Publishing Working Group Telco — Minutes

Date: 2018-01-29

See also the Agenda and the IRC Log

Attendees

Present: Teenya Franklin, Tzviya Siegman, Ric Wright, Baldur Bjarnason, Evan Yamanishi, Toshiaki Koike, Avneesh Singh, Laura Brady, Deborah Kaplan, Rachel Comerford, Jun Gamou, Ivan Herman, Dave Cramer, Nick Ruffilo, Wolfgang Schindler, Lillian Sullam, Luc Audrain, Romain Deltour, Evan Owens, Benjamin Young, Joshua Pyle, Matt Garrish, Marisa DeMeglio, Mateus Teixeira, Peter Krautzberger, Hadrien Gardeur, Ben Schroeter, Zheng Xu, Garth Conboy, Bill Kasdorf, Brady Duga, Tim Cole

Regrets: Vladimir Levantovsky, George Kerscher

Guests: Jeffrey Yasskin

Chair: Tzviya Siegman

Scribe(s): Nick Ruffilo

Content:


Tzviya Siegman: https://www.w3.org/publishing/groups/publ-wg/Meetings/Minutes/2018/2018-01-22-minutes

Tzviya Siegman: Review the minutes from last week - any comments?
… Minutes approved - we have Jeffrey Askin here to talk to us about web packaging

1. Web Packaging

Jeffrey Yasskin: I’m here to answer questions - but I can tell you what has changed. Since the last IETF, their advice was to split the spec into two pieces - which is mostly done. Half is about signing an HTTP request/response pair from a given origin (which is what chrome is doing with amp). The other piece is about bundling a set of request/response pairs. That is probably more interesting to your group but less far along. We have a draft of the bundling proposal, but it’s a flat list of exchanges (Req/Res pair) and I would like feedback from you to know what I would need to include to make it useful for you. What is the minimum number of things that you would need.

Jeffrey Yasskin: Bundling PR: https://github.com/WICG/webpackage/pull/98

Tzviya Siegman: Last week there was extensive discussion over IRC - I followed it - I’m not sure we need to reiterate, but Ben/Hadrien, do you have opinions about this?

Benjamin Young: I don’t know if I technically have any problems with it, but there are broad concerns over developer tooling because it is new. There is the process of decoding and encoding. We should think through what the process of putting these together is and what scenarios we need to pack/unpack. With google working on it, it should be primed for text search, but I don’t have concrete asks of the spec yet.

Dave Cramer: I wanted to ask the basic question about the web-application manifest step.

Jeffrey Yasskin: The web app manifest is the top of the bundle - which resources mean what. It has a start URL - to know which page to display. I imagine that a publication could extend the manifest to include additional metadata.

Dave Cramer: There is not going to be - I get confused because web application don’t serve as a manifest in the way of listing all contents within…

Jeffrey Yasskin: Yes - I believe it’s misnamed, but, that is what it is named…

Dave Cramer: You don’t envision this package requiring that sort of thing?

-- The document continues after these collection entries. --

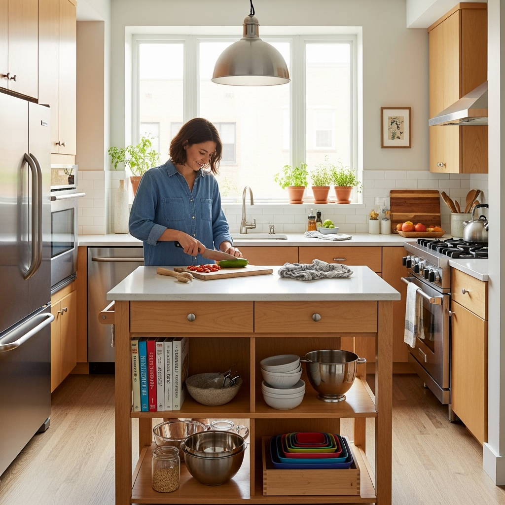 Mobile cart-style island moves when not needed. Your flexible kitchen adapts perfectly!
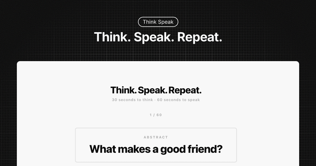 Ho creato un piccolo sito web in cui ottieni parole o argomenti casuali, pensi per un momento e poi ne parli. Nessun accesso, nessuna configurazione, basta aprire e iniziare a esercitarsi: https://thinkspeak.vercel.app/ di itguygeek
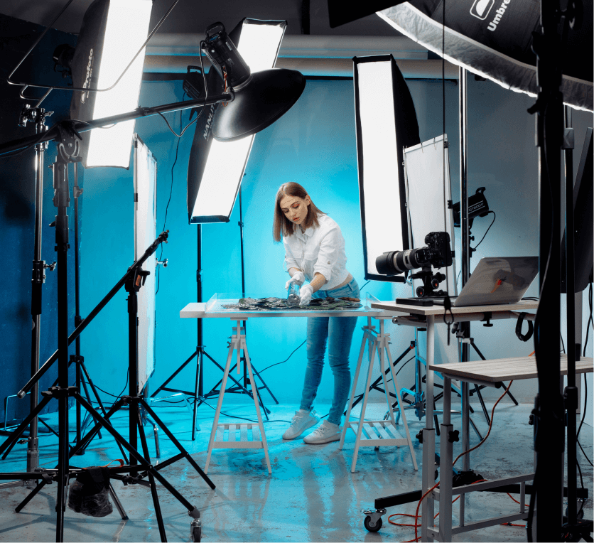 Our team of creative professionals will work collectively to bring our shoot concepts to life. We'll style each and every set, and play with lights and textures to suit the overall theme of your products and brand. It's a magical thing.
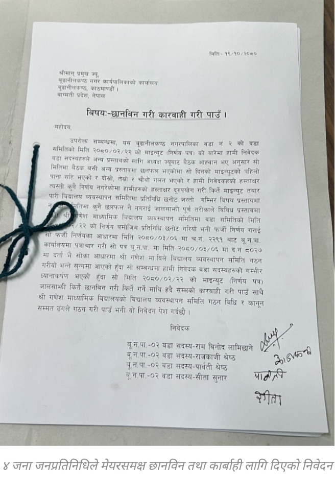 बूढानीलकण्ठ नगरपालिका समक्ष बिधालय ब्यवस्थापन समिति गठन त्रुटीपूर्ण रहेको भन्दै बूढानीलकण्ठ नगरपालिका वडा नम्बर २ का वडा सदस्यहरु बिनोद लामिछाने , राजकाजी श्रेष्ठ ,पार्वती श्रेष्ठ र सीता सुनार सहितको वडा समितिको निर्णय त्रुटीपूर्ण रहेको बताएको हो। वडा समितिको बैठक बस्दा बिधालय ब्यवस्थापन समिति गठन गर्ने भनि निर्णय नभएको वडा सदस्यहरुले दावी गरेको छ भने उक्त बैठकमा निर्णय नम्बर ६ मा बिधालय ब्यवस्थापन समितीको अध्यक्षमा राजेन्द्र श्रेष्ठ र सदस्यहरुमा मोहन प्रसाद लामिछाने , निशा बराललाई चयन गर्ने भनिएको निर्णय नभएको दावी गरेको हो ।

Tzviya Siegman: for reference https://github.com/w3c/wpub/issues/118

Jeffrey Yasskin: The package has a list at the top which lists all the exchanges. It’s a list of the requests of the exchanges and a list of responses. There has been talk from web performance people for a manifest to be available. I haven’t designed that - I’m probably not the best person to do that, but the webapp manifest could point to the resource manifest.

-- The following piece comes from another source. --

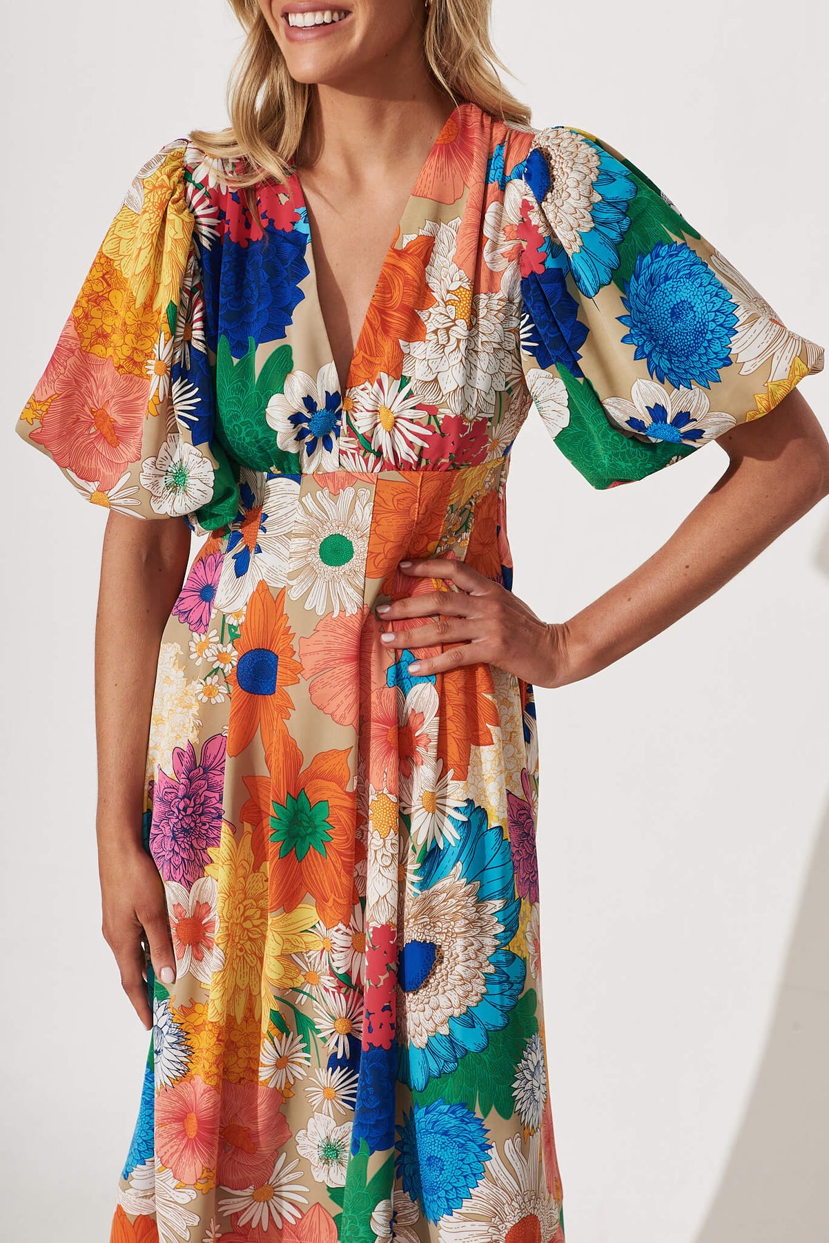 Daydreamer Midi Dress In Bright Multi Floral

Benjamin Young: The performance thing is interested - a core thing we’re working on in another JSON manifest … would be items in the packages and what is referenced in the manfiest. A key constraint is that it needs to be ordered - so it would be useful for items to be able to get just what they want…

Jeffrey Yasskin: What order?

Benjamin Young: Reading order. but ultimately an intentional progression from front to back. Right now that doesn’t exist. RSS and ATOM have them in a date-based progression, but no other manifest that has linearity of retrieval. It’s not that it’s necessarily a requirement of packaging, but it’s something we’re encoding.

Jeffrey Yasskin: The package does not have any order for the index or the resources. If a web publication would like to say that things appear in a reading order, that would be fine.

Hadrien Gardeur: I don’t mind that the package would be a list of reqs/resp - but how would this work in the case of the WAM - where this could show as the first resource in the package - how can you be the first if there is no order?

Jeffrey Yasskin: There is a top-level index of sections - there is the manifest request/URL - and the index location. You would generally put the manifest URL in the beginning, then you’d look that up in the index. You would want to put it early in the package. Does that make sense?

Hadrien Gardeur: In your list, which is a manifest - you’d have a member of this list, that would be what is the WAM. Once I know that, I can look at the list of resp/req - Once I’ve identified which URI is required - I can do a range request to only get the content I want?

Jeffrey Yasskin: yes

Hadrien Gardeur: The full list of req/resp is a full list?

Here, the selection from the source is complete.